The Family Smoking Prevention And Tobacco Control Act: Destined To Be Ineffectual

Introduction

Corpses, tracheotomies, screaming babies in incubators, oxygen masks, and visibly indisposed, presumably terminal stage cancer patients: these are just a few of the proposed warning images that will soon appear on cigarette packages and advertisements in an effort to deter Americans, specifically minors and young adults, from smoking. The unsettling graphics are a feature component of the Food and Drug Administration’s Family Smoking Prevention and Tobacco Control Act, which gives the FDA jurisdiction over tobacco product contents, labels, sales and marketing. New changes include manufacturer restrictions on placing terms such as “low,” “light” and “ultra-light” on cigarette packages, which may suggest decreased health risks; debarment of flavored tobacco sales, which are attractive to youths; and more prominent disclosure of harmful cigarette ingredients and health consequences, with warnings comprising 50% of package surfaces. Further, the FDA now has the authority to adjust nicotine levels in tobacco products (1).

Though certainly well intentioned, I feel that the Act will do very little, if anything, to change the habits of smokers. None of the provisions address the obstacles to smoking cessation, such as the presence of powerful social influences and an all-too-common lack of strong self-efficacy.
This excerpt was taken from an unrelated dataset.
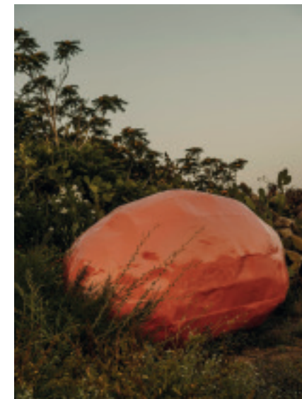
Franz West Autostat, 1996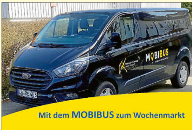
Mit dem MOBIBUS zum Wochenmarkt

Der MOBIBUS ermöglicht Remsecker Senioren, Familien und Bürgerinnen und Bürgern mit kognitiven und/oder körperlichen Einschränkungen mehr Mobilität im Stadtgebiet.

The Act also assumes that people are able to think and behave rationally, when in fact, this is oftentimes not the case.

This paper seeks to explain why the Family Smoking Prevention and Tobacco Control Act will ultimately fail in its efforts to reduce tobacco use. After a thorough analysis of the policy’s shortcomings, alternative solutions addressing the fundamental challenges to smoking cessation will be explored. The solutions presented embody a greater understanding of human behavior and will therefore be much more effective in reducing tobacco consumption than those proposed by the Act.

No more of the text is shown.